(Items listed in a dataset)
_ _ _

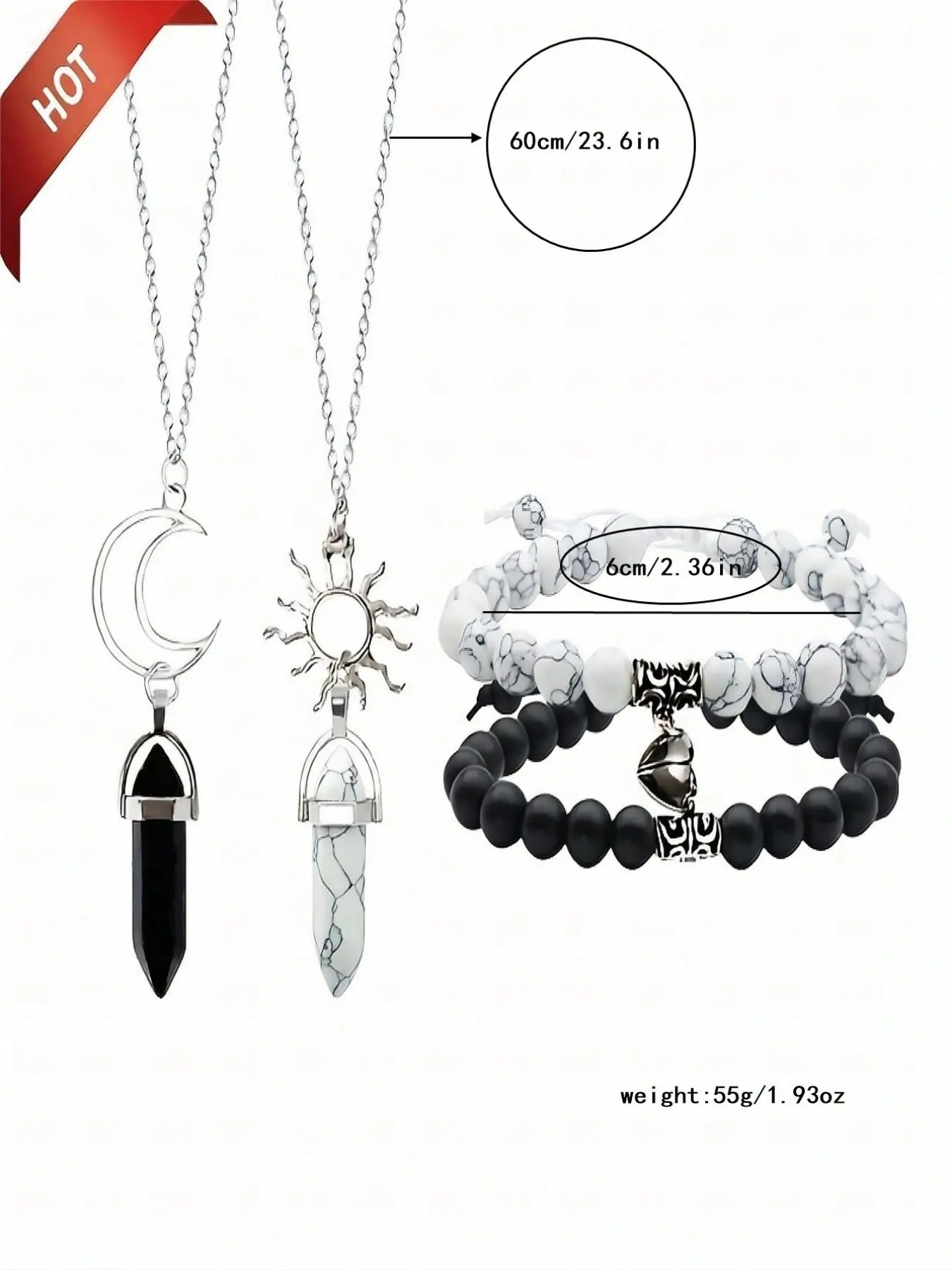Unisex Fashion Marble Heart Magnet Beaded Bracelet & Moon & Sun Pendant Necklace, Matching Jewelry Set, Fashion Jewelry for Party, Daily Clothing Decor, Trendy All-match & Exquisite Jewelry for Birthday Gift
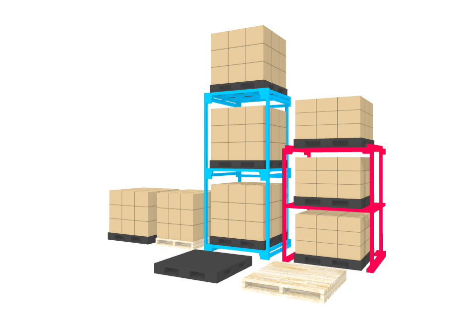 段ボールのままでの取扱は、パレットと呼ばれる荷物を載せる荷役台で、段ボールをパレットに乗せたまま、フォークリフトなどを使ってトラックに積込みます。そこでのレイアウトは、パレット単位での保管に適した配置になり、保管効率を上げるために、天井高く、ネステナーと呼ばれるパレット保管専用の什器を使って、商品が段ボールの重さで潰れないように、段ボールの上げ下げをなるべく少なくできるような什器とレイアウト構成が必要になります。
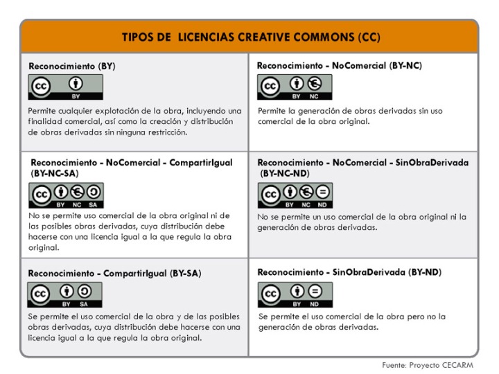 - (2011). «Tipos de licencias para contenidos digitales». Recuperado de https://www.cecarm.com/emprendedor/puesta-en-marcha/tipos-de-licencias-para-contenidos-digitales-32010
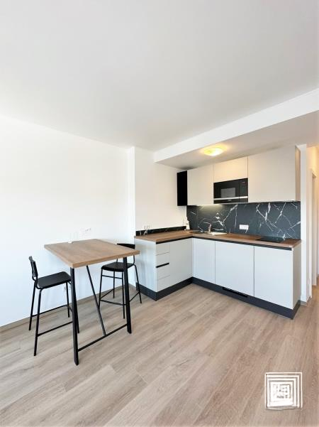 Студия, полностью отремонтированная, площадью примерно 29 м², находится в районе вокзала и предлагает прекрасный вид. Включает прихожую, гостиную, кухонный уголок и ванную комнату с душем.
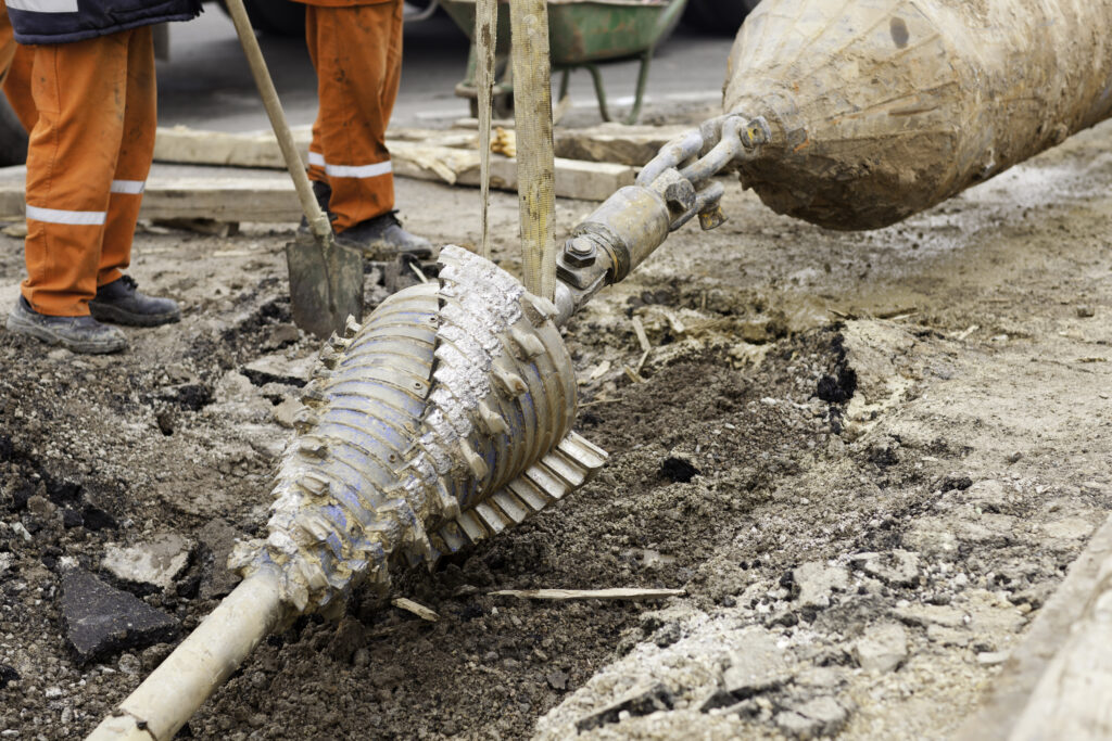 3. Nach dem letzten Aufweitvorgang wird das Rohr befestigt und durch Zurückziehen des Gestänges in den Bohrkanal geführt.
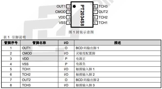 產(chǎn)片介紹:PT2034 是一款電容式觸摸控制 ASIC,支持 3 通道觸摸輸入,2 線 BCD 碼輸出。具有低功耗、高抗干擾、寬工作電壓范圍的突出優(yōu)勢。
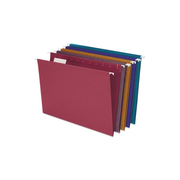 Use color to categorize files and speed up filing time. Lighter color interior helps prevent misfiling. Scored at bottom for 3/4in expansion. Includes tabs and blank white inserts. Smooth inEZ Slide Coated Hangers. Folder Size Type: Letter; Max Folder Expansion: 0.5in; Folder Color: Assorted; Color Family: Multicolor.
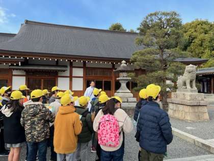 今日は、城南宮に行き、神社にはどのような歴史や由来があり、そして神社ではどのような仕事をしているのか、神主さんにわかりやすく教えていただきました。
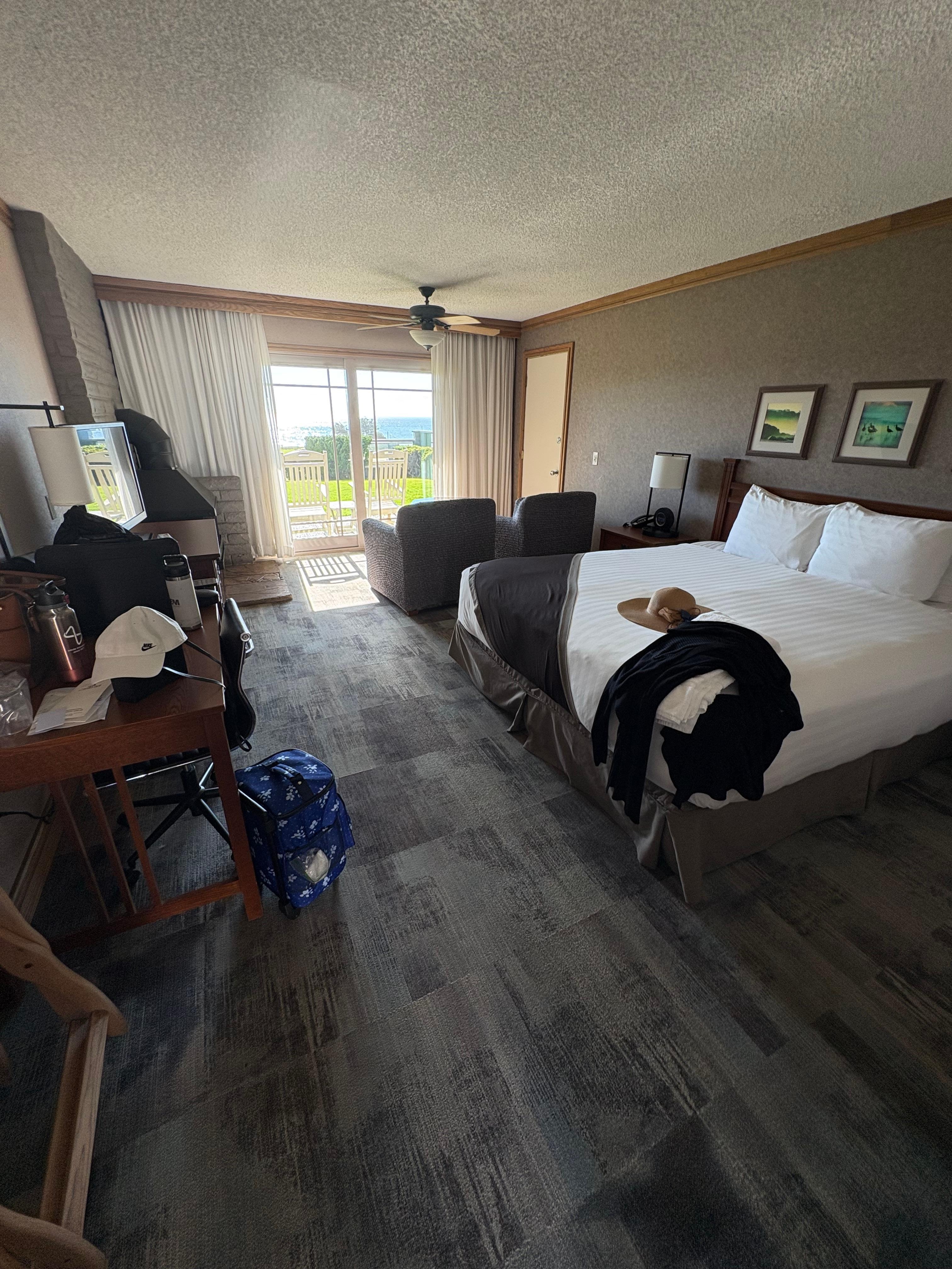 Location was good but a King deluxe ocean view was partially blocked with a tall bush. You could see scum on the pools tile edging. The hot tub felt a little slimy. The back of our door was dirty and marked up with holes. The coffee cup was in a plastic bag but was not washed! The deluxe room was small. No screen in the patio door. No microwave. They put so much stuff in the honor bar there was hardly any room for our stuff. For price it was doable $178/nt. It was a great place for dogs. Saw lots of pups! Probably won’t be back though

_ _ _

TASK BRIEF: From the records above, return exactly the lines running from the one that contains "de licencias para" down to the one that contains "產(chǎn)片介紹:PT2034 是一款電容式觸摸控制 ASIC,支持", both included, without any pictures.

TASK OUTPUT:
 - (2011). «Tipos de licencias para contenidos digitales». Recuperado de https://www.cecarm.com/emprendedor/puesta-en-marcha/tipos-de-licencias-para-contenidos-digitales-32010
 Студия, полностью отремонтированная, площадью примерно 29 м², находится в районе вокзала и предлагает прекрасный вид. Включает прихожую, гостиную, кухонный уголок и ванную комнату с душем.
 3. Nach dem letzten Aufweitvorgang wird das Rohr befestigt und durch Zurückziehen des Gestänges in den Bohrkanal geführt.
 產(chǎn)片介紹:PT2034 是一款電容式觸摸控制 ASIC,支持 3 通道觸摸輸入,2 線 BCD 碼輸出。具有低功耗、高抗干擾、寬工作電壓范圍的突出優(yōu)勢。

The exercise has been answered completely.